“Don’t make prospective customers sweat the small stuff, keep it simple.”

This appears to be the Finance Ministry’s underlying message to public sector banks when it comes to the application forms that potential customers have to fill in for opening savings bank account or taking small ticket loans.

So, long application forms, typically running into a few pages, for opening savings bank account or taking small ticket loans (up to Rs 2 lakh) are likely to make way for a simplified and standardised one-page form.

In keeping with the Ministry’s financial inclusion roadmap, bankers are already putting their heads together to ensure that life becomes a tad easy for customers.

As envisaged by the Ministry, each family, including migrant labourers in urban areas, in the country should have at least one bank account, and farm and non-farm households should have easy access to small value loans.

One-page form

“Without compromising on the established customer due diligence procedure, the simplified and standardised account opening form will make the account opening process for small depositors very simple and user-friendly.

“Application forms for small-ticket loans, especially for microenterprises, too will become simple and have just one page,” said a senior public sector bank official. The idea behind the simplification and standardisation of application forms is to save the customer the bother of making the rounds of a bank branch to open savings accounts or to take a small ticket loan.

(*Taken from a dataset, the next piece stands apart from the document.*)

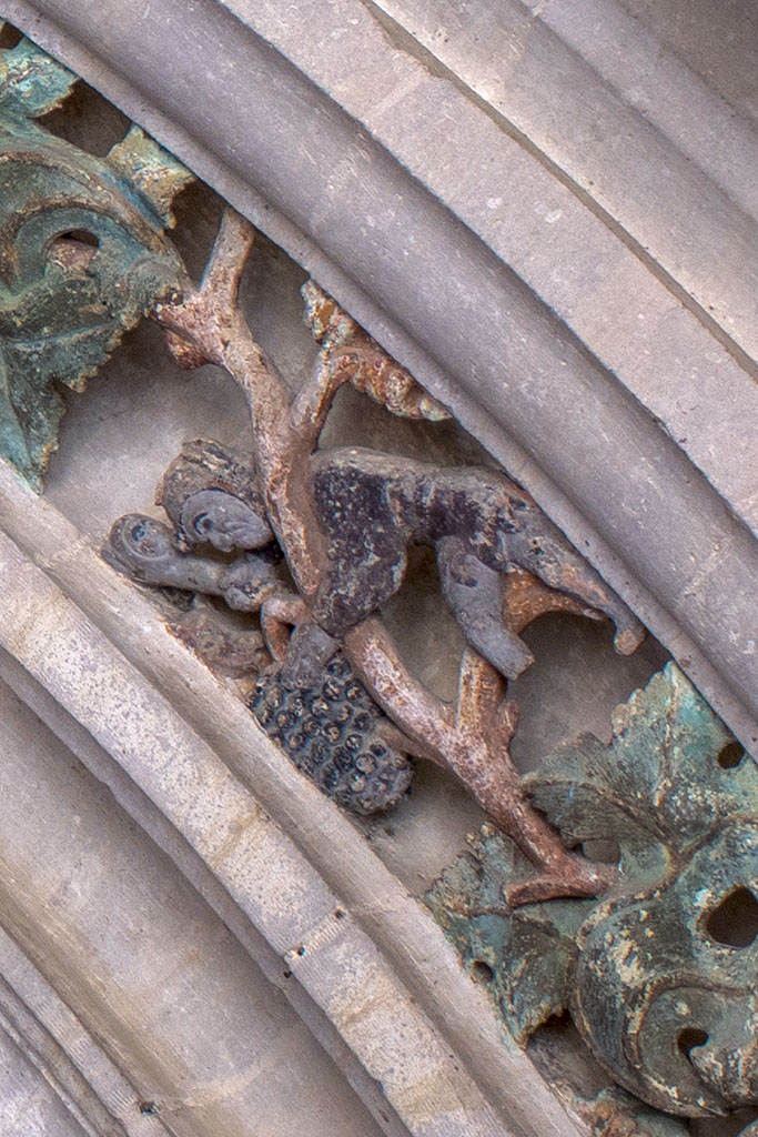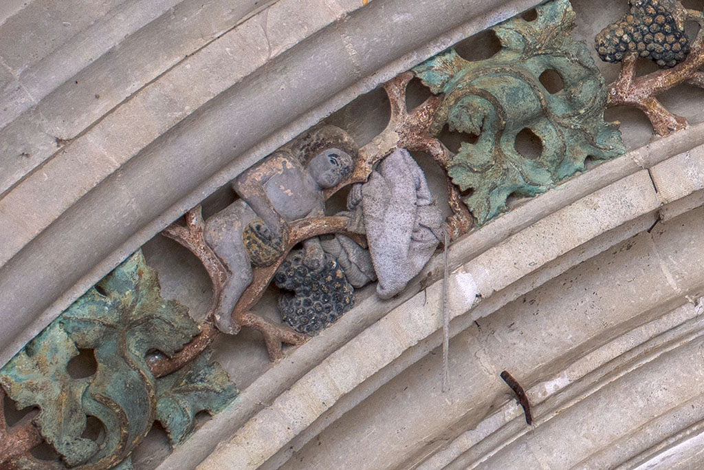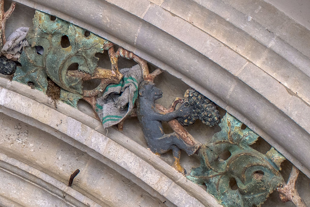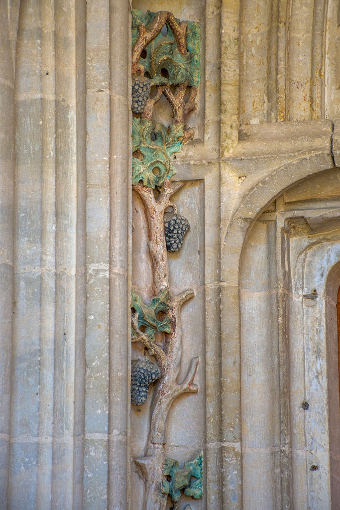 Il suffit de lever les yeux vers le porche de l’église Saint-Rémi (Fin XVe siècle, début XVIe siècle) pour encore admirer telles une BD les sculptures polychromes du passé viticole du village.

They should be able to get their work done in one or two visits to the branch, he added.

A Ministry constituted working group on ‘know-your-customer’ guidelines has suggested that the Reserve Bank of India’s indicative list of documents required to be submitted as part of the mandatory due diligence procedure by customers for opening accounts should be expanded. This is to make the account opening procedure easier.

Among others, the group recommended that documents such as photo ID cards issued by post offices; photo ID cards issued to students by recognised universities/ institutes; and registered property document with photo ID could be used as proof of identification.

Further, in the case of a married woman, her identity proof with maiden name, if supported with a verified true copy of marriage certificate, could be considered a valid ID proof.

The group feels that address proof should also include income/ wealth tax assessment order; voter ID card (with the current address); and copies of registered leave & licence agreement/ sale deed/ lease agreement.